_EXERCISE DESCRIPTION_
Please set down only the lines below starting with the line with "- Там нас интересует" and going on through the line with "or relaxed gatherings", verbatim and without pictures.

*** Opening of EXERCISE INPUT ***

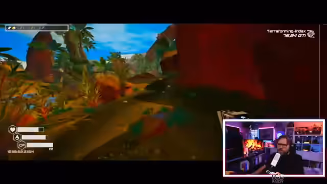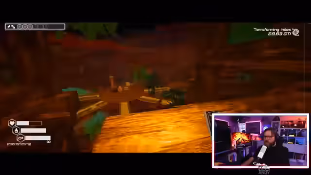 03:31:45Bei der Erforschung eines Schiffes, das der Streamer für den Anfang des Spiels hält, öffnen sich plötzlich verschlossene Türen und er findet Nahrung. Er bemerkt, wie der Planet sich vom kargen Wüstenbild zu einer bewohnbaren Welt entwickelt hätte, wenn es eine bessere Grafik gäbe. Er ist sichtlich überrascht, dass Türen offen sind, die vorher verschlossen waren, und macht sich Gedanken über das Gameplay und die fehlenden Ressourcen wie das lebenswichtige Wasser, das er vergessen hat mitzunehmen.
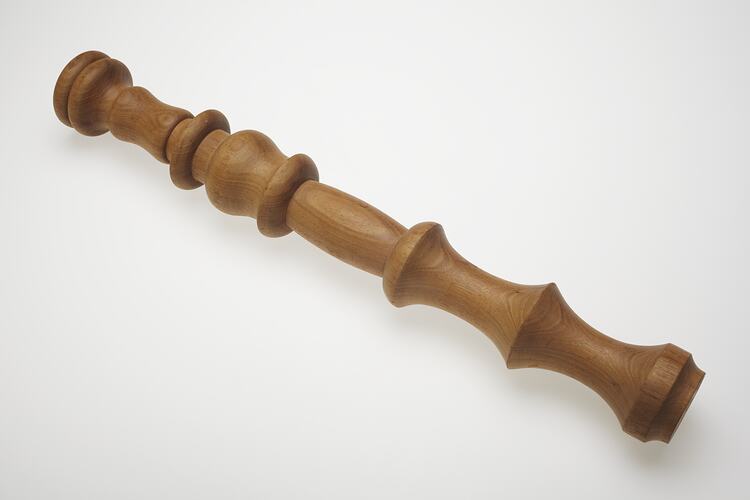 Wooden furniture piece made by Adolph Bruhn & Son, circa 1980s. It was found in Area A at Adolph Bruhn & Son's Wood Turners Shop, 283 Coventry Street, South Melbourne. The business was established by Adolph Bruhn circa 1893 in Little Collins Street, Melbourne. Upon his death in 1919 it was then operated by Adolph's son Sophus Christopher Bruhn. Upon Sophus's death in 1959 his son Sophus Walter Bruhn took over the business. In 1970 Sophus reduced the scale of the business and relocated to South Melbourne. The business closed upon Sophus's death in January 1990.
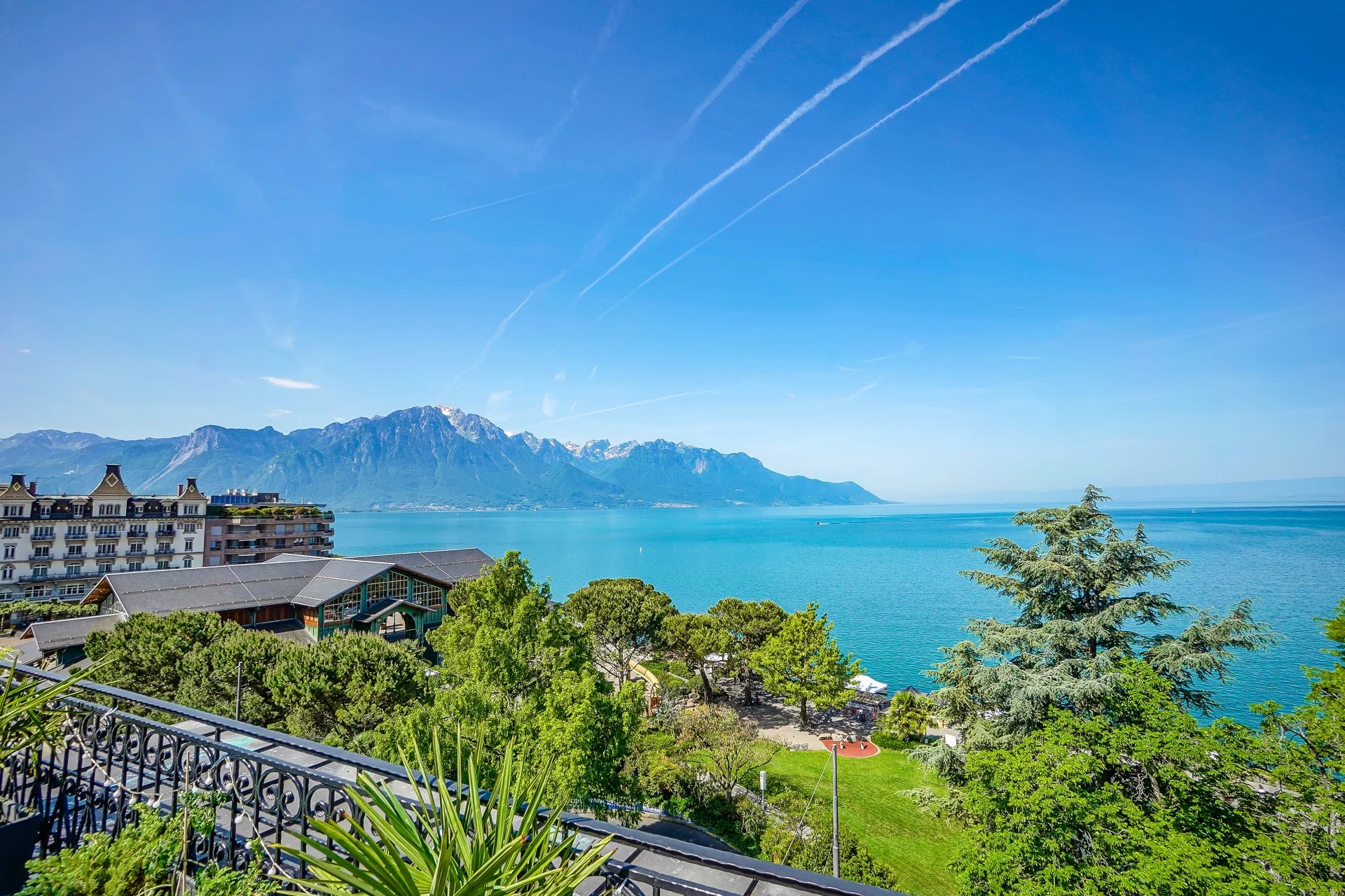 -Lovely view of the lake, the mountains and the city of Montreux.
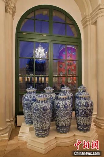 中國清朝時期的釉下藍色紀念性花瓶,即南部拱形長廊中的所謂龍騎兵花瓶。版權(quán)所有:德累斯頓國家藝術(shù)收藏館瓷器館藏。照片:Jürgen Lsel
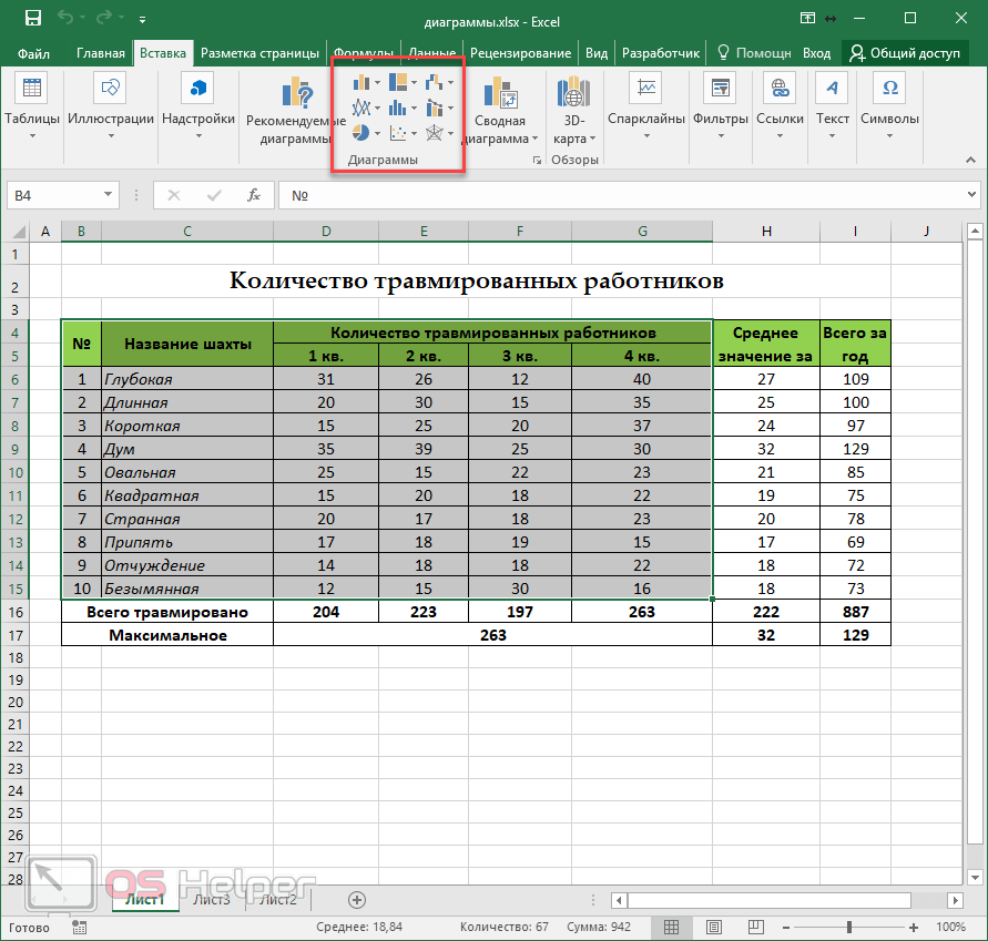 - Там нас интересует блок «Диаграммы», где можно выбрать одну из диаграмм или перейти в окно с рекомендованными.
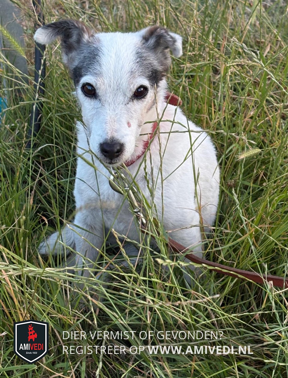 | Signalement | Parson-terriër. Grotendeels wit, met grijze accenten rond de oren tot boven de ogen. Ze heeft een klein plekje op haar neus en er ontbreekt een stukje uit een van de oren. LET OP: dier is doof! |
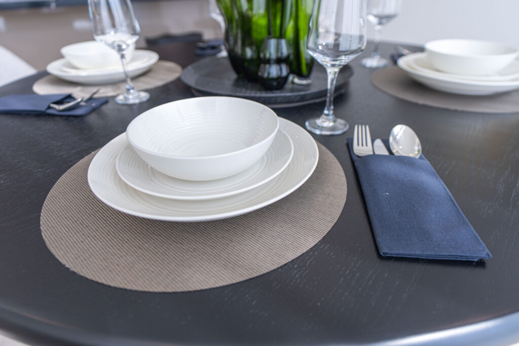 • Chic dining space perfect for intimate meals or relaxed gatherings
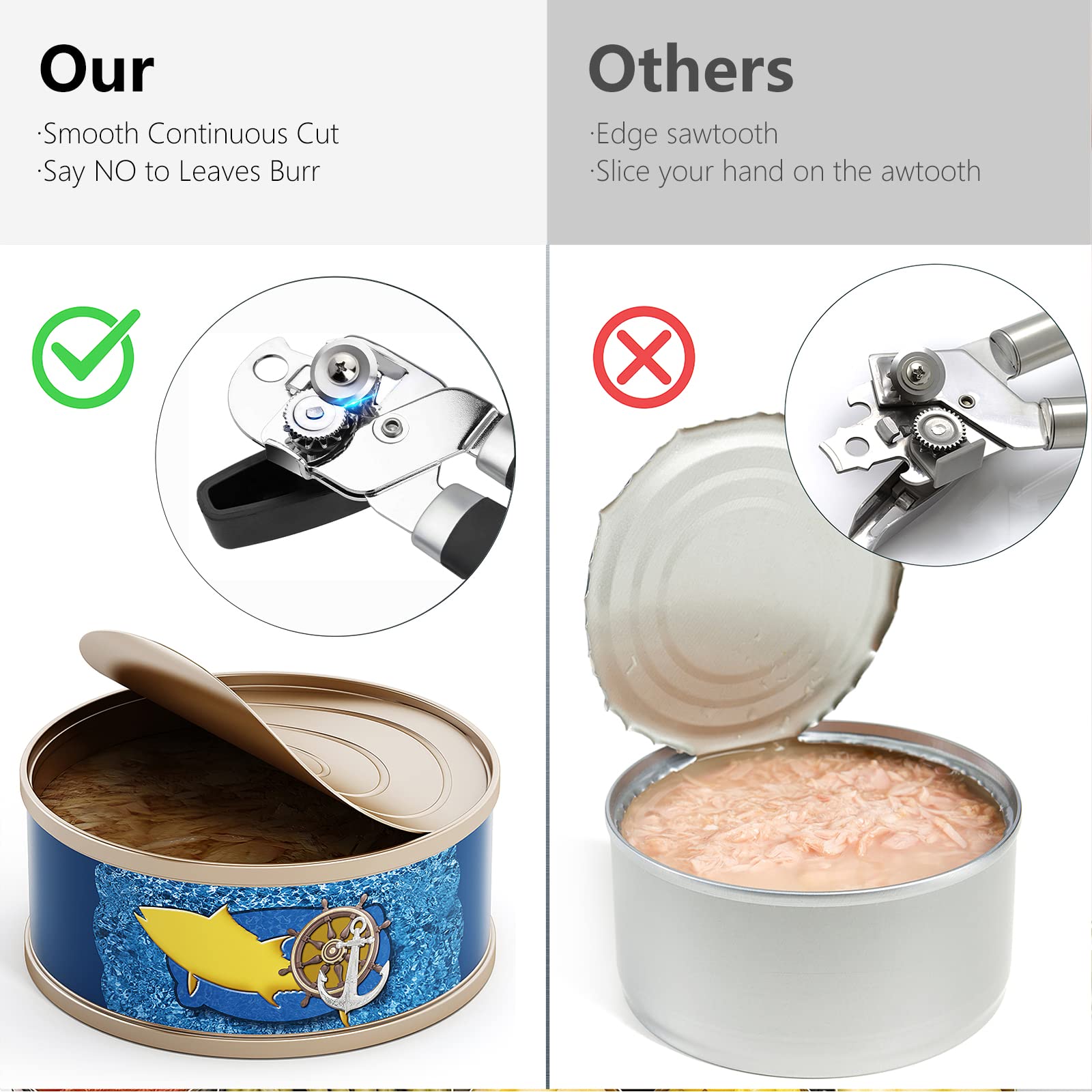• The sharp metal blade is easy to insert into the can lid. The edge of the can after trimming is smooth and sleek. No scratches, no burrs and sharp gears. Therefore, you don’t have to worry about being cut by sharp edges when you take out food from the can.

*** Close of EXERCISE INPUT ***

_REPLY TO THE TASK_
 - Там нас интересует блок «Диаграммы», где можно выбрать одну из диаграмм или перейти в окно с рекомендованными.
 | Signalement | Parson-terriër. Grotendeels wit, met grijze accenten rond de oren tot boven de ogen. Ze heeft een klein plekje op haar neus en er ontbreekt een stukje uit een van de oren. LET OP: dier is doof! |
 • Chic dining space perfect for intimate meals or relaxed gatherings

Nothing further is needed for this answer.